Перешли через улицу, вошли в подъезд, блестевший позолотой, лепниной, ангельскими ликами на потолке. Дом у них был важный, с рыцарями на одном подъезде, с амурами — на другом. Его строила в конце прошлого века немецкая компания. Несколько таких домов было в этом районе.

Лифт не работал. Гулко, долго поднимались на четвертый этаж.

Ее не было в комнате. Видно, стряпала на кухне. Комната была просторнее и опрятнее. Какие-то вещи поменялись местами с другими. Казалось, и запах был другой.

— Так не делается, — после долгого молчания сказал отец.

— А что, собственно? Чего это ты?.. И вообще пора… доберусь черт те когда. А завтра в семь надо как штык… Первая контрольная. Так что я…

— Никуда ты не пойдешь.

— Пойду, почему ж…

И что-то противное, обволакивающее мягко и одновременно жгущее разлилось внутри, парализуя волю, и, вместо того чтобы действительно  в с т а т ь  и  п о й т и, он сидел неподвижный, с тяжелыми мутными глазами, будто спросонок.

Вот уже и она появилась и, не удивившись ничуть, стала накрывать на стол, а потом принесла раскладушку и долго, тщательно устанавливала ее, и в тишине было слышно, как раскладушка жестяно распрямляется, пружинисто хлопает, сопротивляется рукам, точно странное живое существо с железной спиной и короткими, кривыми железными ножками.

Так он и остался.

Теперь они жили втроем.


IV

Странно, что, когда жизнь их была налаженной и прочной, Сергей мало думал о школьных делах сына. Уже потом, когда вся его настоящая жизнь была вне дома, и в дни долгих своих отъездов, и в дни возвращений, когда уже все было решено, но не исполнено, именно в это время его стали беспокоить школьные дела Игоря, еще недавно казавшиеся ни для кого не важными.

Вот тогда в первый раз он попросил у мальчика дневник.

Мальчик протянул ему дневник с видом равнодушного недоумения.
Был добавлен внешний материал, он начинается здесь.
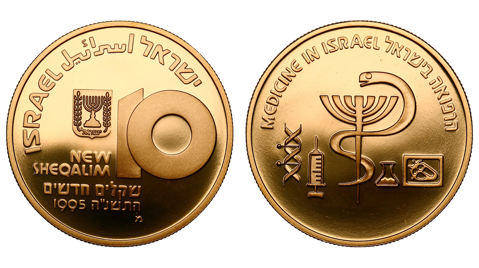 Золото. 0,5 oz. 0,917. 16,96 г. "47-я годовщина независимости Израиля / Медицина Израиля". Тираж 1230 шт. КМ#266.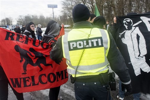 Migránssimogató és hazájukat védő tüntetők a dán-német határon, Krusaaban 2016 januárjában (Kép: AFP/Claus Fisker)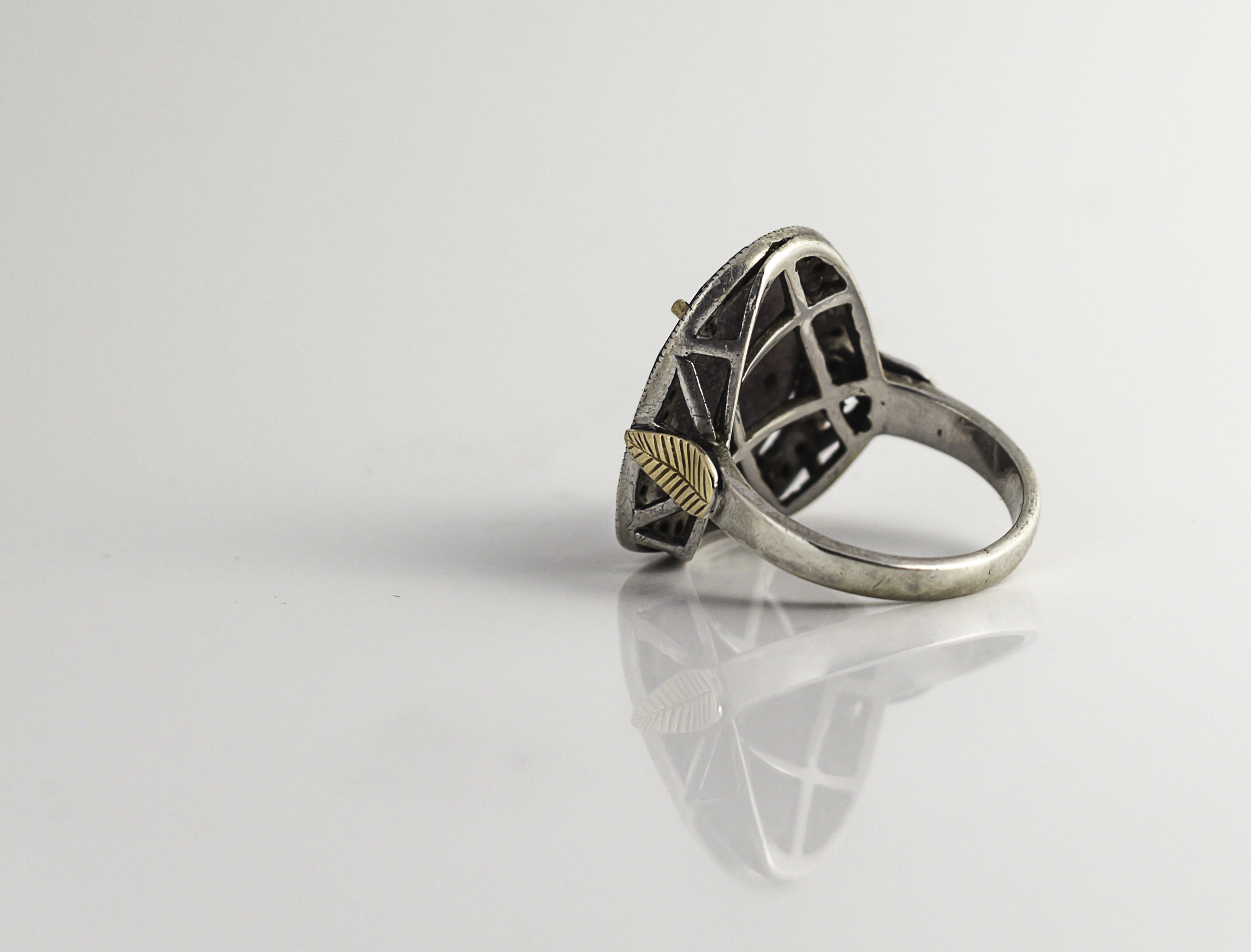 הטבעת עשויה מכסף 925 ומשני עלי זהב בצדדיה.

Само предвкушение этой проверки было неприятным: во-первых, лучше ничего не знать в подробностях, досконально, во-вторых, дневник, как и табель его времен, наводил на него тоску залинованными клетками бессмысленно-подневольной жизни.
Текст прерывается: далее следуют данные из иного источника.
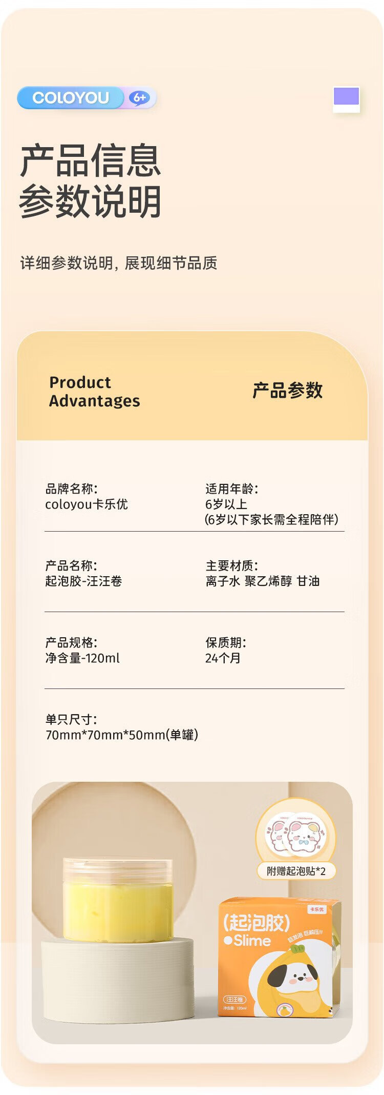 Coloyou foaming glue yellow Want Want roll hug milk slime crystal mud children DIY safe non-toxic non-stick hand decompression boy toy gift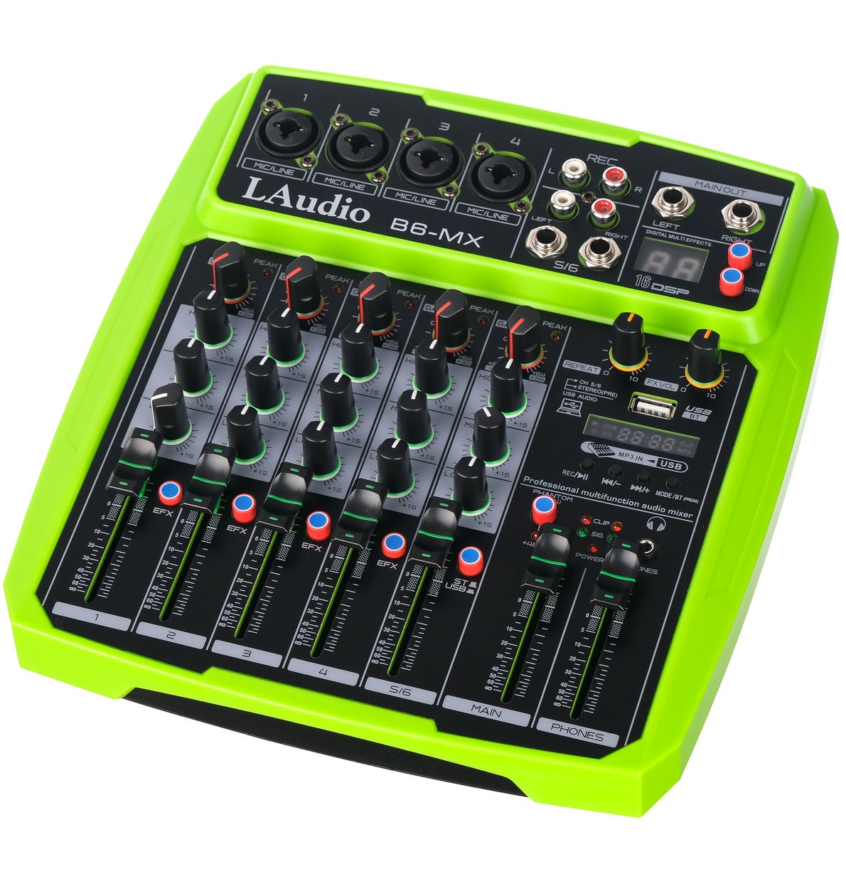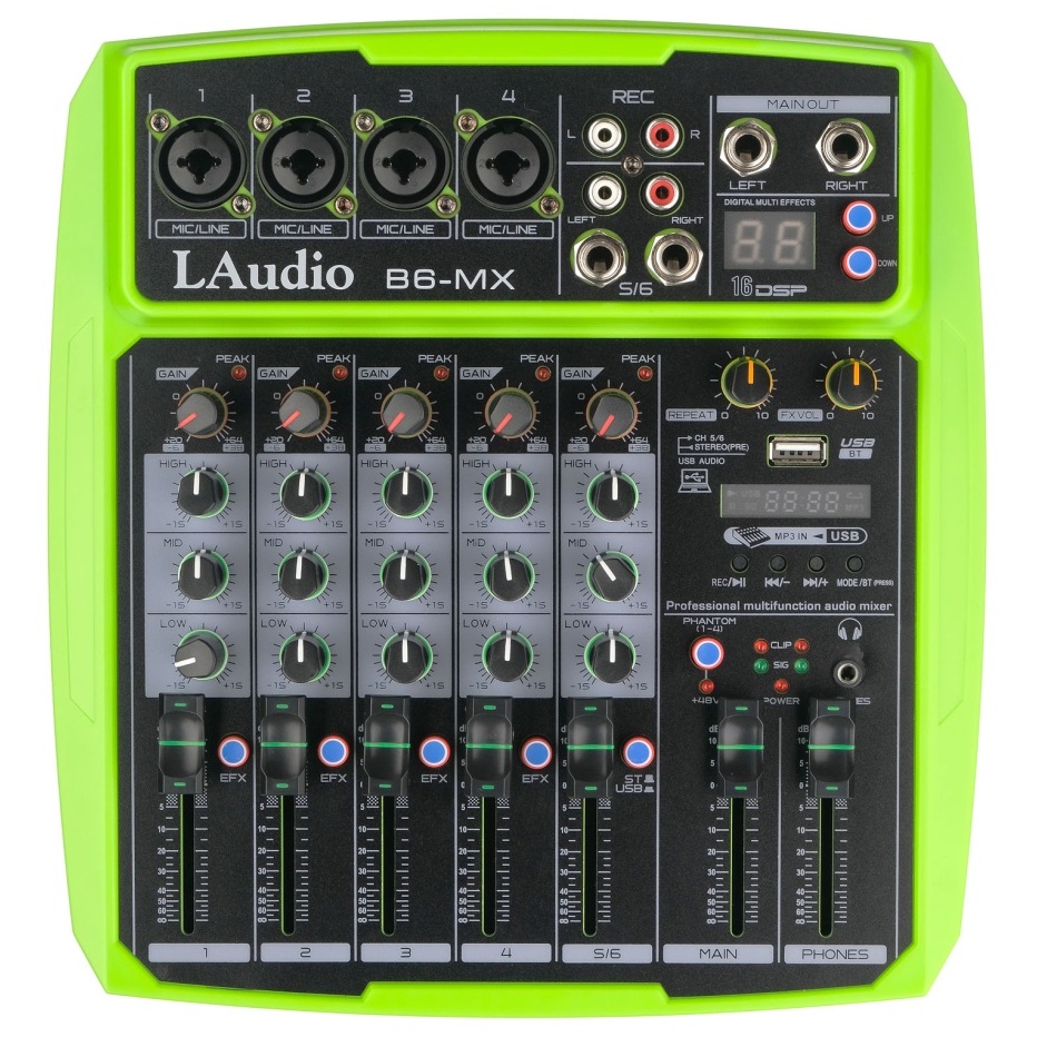 B6-MX Микшерный пульт, 6 каналов, LAudio. MP3-плеер с функцией записи. Подключение Bluetooth. 4 моно + 2 стерео входа. 3-полосный эквалайзер. 16 DSP-эффектов. Интерфейс USB для подключения компьютера.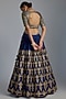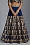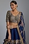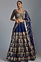 Featuring a blue lehenga in raw silk base with aari embroidery. It is paired with a matching blouse and a silk organza embroidered dupatta.

В дневнике была ровно представлена вся пятибальная система в действии. Коричнево темнели двойки, серые, как воробьи, троечки незаметно перепархивали со страницы на страницу, коренастые и степенные четверки тоже попадались, сглаживая общий вид панорамы, а кое-где (отдельные в поле зрения, как пишут в анализах) алым цветом кумача вспыхивали и пятерочки (в основном по гуманитарным дисциплинам), давая понять, что наш ученик при желании способен на большее, чем то, что он сейчас имеет… Все это было, в общем, нормально, если бы…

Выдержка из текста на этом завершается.